*** Opening STORED DATA ***

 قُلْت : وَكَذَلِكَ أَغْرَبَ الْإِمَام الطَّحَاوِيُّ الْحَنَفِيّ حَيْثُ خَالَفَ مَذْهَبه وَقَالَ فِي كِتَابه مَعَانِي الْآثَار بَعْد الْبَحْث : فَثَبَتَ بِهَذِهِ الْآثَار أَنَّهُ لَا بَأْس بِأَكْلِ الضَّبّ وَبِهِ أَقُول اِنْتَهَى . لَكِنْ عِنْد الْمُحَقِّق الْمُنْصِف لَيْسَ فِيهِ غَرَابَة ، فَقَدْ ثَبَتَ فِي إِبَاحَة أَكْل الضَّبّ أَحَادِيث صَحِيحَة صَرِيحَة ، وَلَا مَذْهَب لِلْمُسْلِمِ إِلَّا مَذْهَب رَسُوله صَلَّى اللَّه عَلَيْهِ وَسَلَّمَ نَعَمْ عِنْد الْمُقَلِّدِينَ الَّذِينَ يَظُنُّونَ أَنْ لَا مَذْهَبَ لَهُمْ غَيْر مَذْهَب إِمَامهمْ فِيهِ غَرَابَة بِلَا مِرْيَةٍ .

*** Closing STORED DATA ***
*** Opening STORED DATA ***

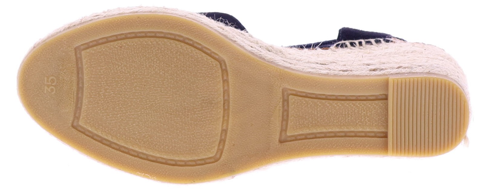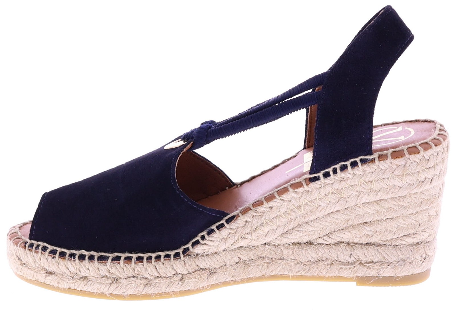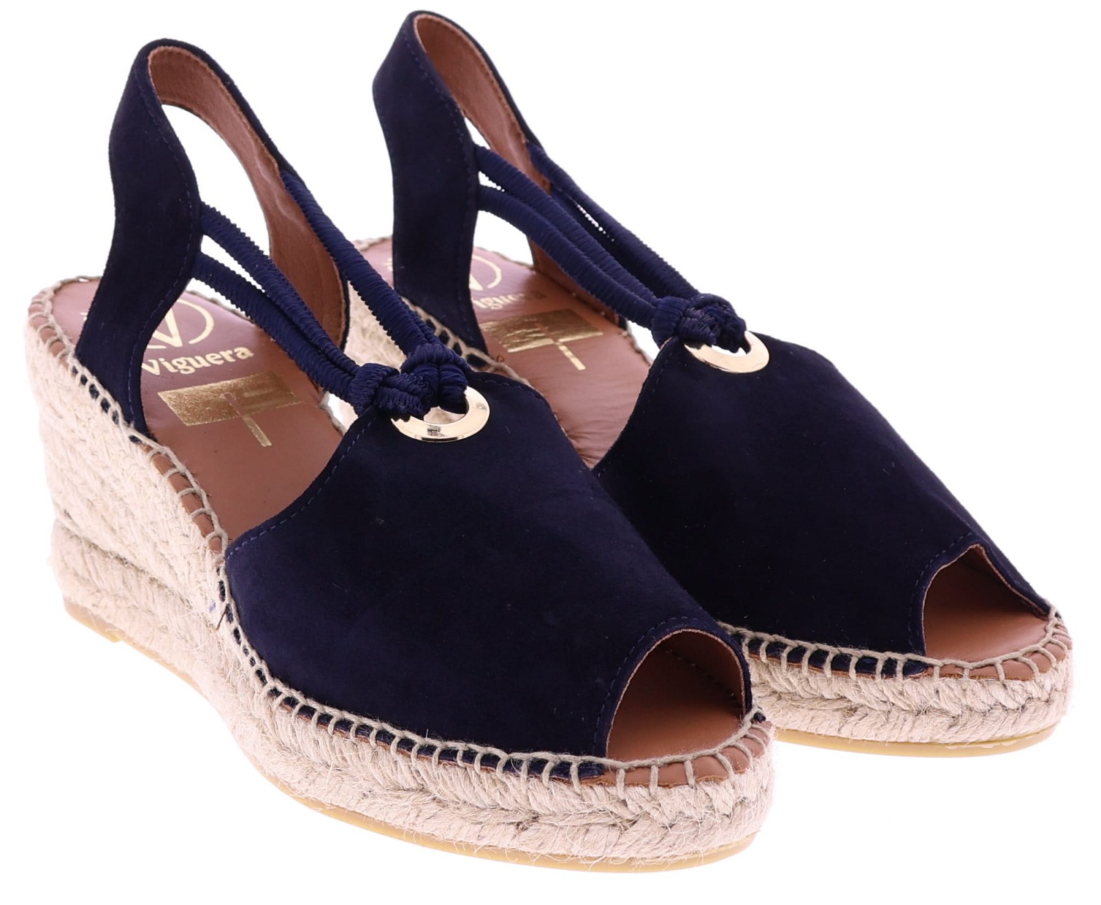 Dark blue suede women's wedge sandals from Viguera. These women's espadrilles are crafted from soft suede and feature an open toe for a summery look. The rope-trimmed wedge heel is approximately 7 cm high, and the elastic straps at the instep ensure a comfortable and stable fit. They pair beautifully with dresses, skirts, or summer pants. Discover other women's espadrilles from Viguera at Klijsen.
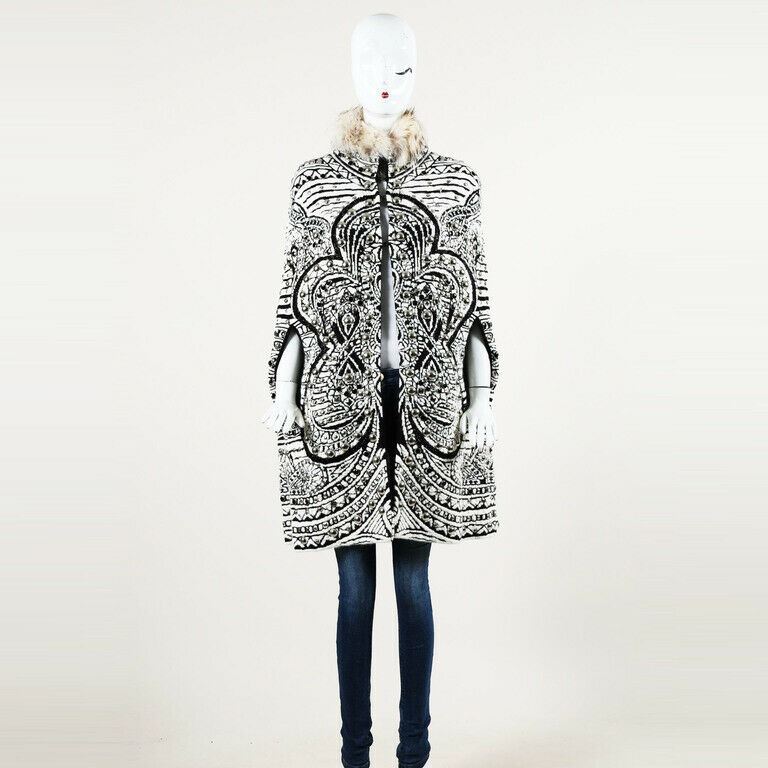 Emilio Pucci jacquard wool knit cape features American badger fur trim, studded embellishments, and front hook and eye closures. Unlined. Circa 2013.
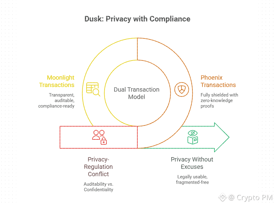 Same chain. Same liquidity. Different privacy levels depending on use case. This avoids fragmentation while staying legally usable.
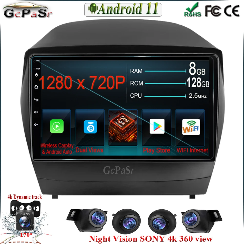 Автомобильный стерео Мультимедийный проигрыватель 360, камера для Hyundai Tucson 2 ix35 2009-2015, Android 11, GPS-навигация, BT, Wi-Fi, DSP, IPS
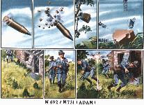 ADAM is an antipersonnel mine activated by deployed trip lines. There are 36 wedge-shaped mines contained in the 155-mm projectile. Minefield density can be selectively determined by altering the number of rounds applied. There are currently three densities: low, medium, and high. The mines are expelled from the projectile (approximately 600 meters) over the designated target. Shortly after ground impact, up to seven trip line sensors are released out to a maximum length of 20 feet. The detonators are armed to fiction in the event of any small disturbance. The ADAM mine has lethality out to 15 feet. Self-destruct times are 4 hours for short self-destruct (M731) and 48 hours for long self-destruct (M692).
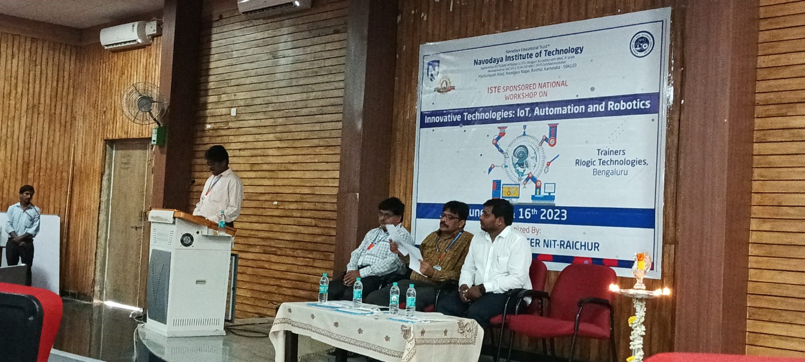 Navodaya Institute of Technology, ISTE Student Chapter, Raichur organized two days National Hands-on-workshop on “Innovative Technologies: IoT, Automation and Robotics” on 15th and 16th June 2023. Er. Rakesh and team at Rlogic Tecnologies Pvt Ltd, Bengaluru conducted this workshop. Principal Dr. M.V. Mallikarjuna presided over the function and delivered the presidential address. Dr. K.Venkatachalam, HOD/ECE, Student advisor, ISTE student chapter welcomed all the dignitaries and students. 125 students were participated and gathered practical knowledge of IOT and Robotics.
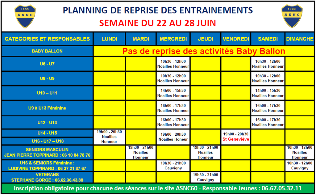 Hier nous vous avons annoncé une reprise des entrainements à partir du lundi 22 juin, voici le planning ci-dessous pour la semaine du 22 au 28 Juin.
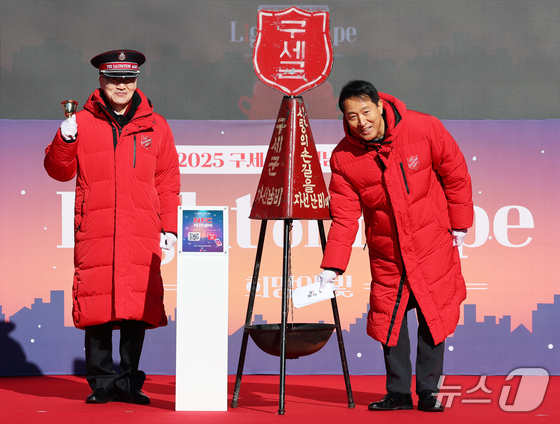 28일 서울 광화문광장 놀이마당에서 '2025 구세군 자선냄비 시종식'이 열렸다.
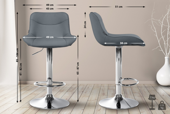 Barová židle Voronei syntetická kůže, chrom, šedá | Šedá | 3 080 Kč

*** Closing STORED DATA ***
*** Opening STORED DATA ***

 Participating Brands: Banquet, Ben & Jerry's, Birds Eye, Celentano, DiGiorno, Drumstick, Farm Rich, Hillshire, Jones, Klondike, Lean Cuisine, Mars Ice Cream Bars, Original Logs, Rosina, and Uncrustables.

*** Closing STORED DATA ***

Nothing except the lines from the one containing "Emilio Pucci jacquard" through the one containing "Barová židle Voronei" should appear in the answer, exactly as above and without pictures.

COMPLETED EXERCISE:
 Emilio Pucci jacquard wool knit cape features American badger fur trim, studded embellishments, and front hook and eye closures. Unlined. Circa 2013.
 Same chain. Same liquidity. Different privacy levels depending on use case. This avoids fragmentation while staying legally usable.
 Автомобильный стерео Мультимедийный проигрыватель 360, камера для Hyundai Tucson 2 ix35 2009-2015, Android 11, GPS-навигация, BT, Wi-Fi, DSP, IPS
 ADAM is an antipersonnel mine activated by deployed trip lines. There are 36 wedge-shaped mines contained in the 155-mm projectile. Minefield density can be selectively determined by altering the number of rounds applied. There are currently three densities: low, medium, and high. The mines are expelled from the projectile (approximately 600 meters) over the designated target. Shortly after ground impact, up to seven trip line sensors are released out to a maximum length of 20 feet. The detonators are armed to fiction in the event of any small disturbance. The ADAM mine has lethality out to 15 feet. Self-destruct times are 4 hours for short self-destruct (M731) and 48 hours for long self-destruct (M692).
 Navodaya Institute of Technology, ISTE Student Chapter, Raichur organized two days National Hands-on-workshop on “Innovative Technologies: IoT, Automation and Robotics” on 15th and 16th June 2023. Er. Rakesh and team at Rlogic Tecnologies Pvt Ltd, Bengaluru conducted this workshop. Principal Dr. M.V. Mallikarjuna presided over the function and delivered the presidential address. Dr. K.Venkatachalam, HOD/ECE, Student advisor, ISTE student chapter welcomed all the dignitaries and students. 125 students were participated and gathered practical knowledge of IOT and Robotics.
 Hier nous vous avons annoncé une reprise des entrainements à partir du lundi 22 juin, voici le planning ci-dessous pour la semaine du 22 au 28 Juin.
 28일 서울 광화문광장 놀이마당에서 '2025 구세군 자선냄비 시종식'이 열렸다.
 Barová židle Voronei syntetická kůže, chrom, šedá | Šedá | 3 080 Kč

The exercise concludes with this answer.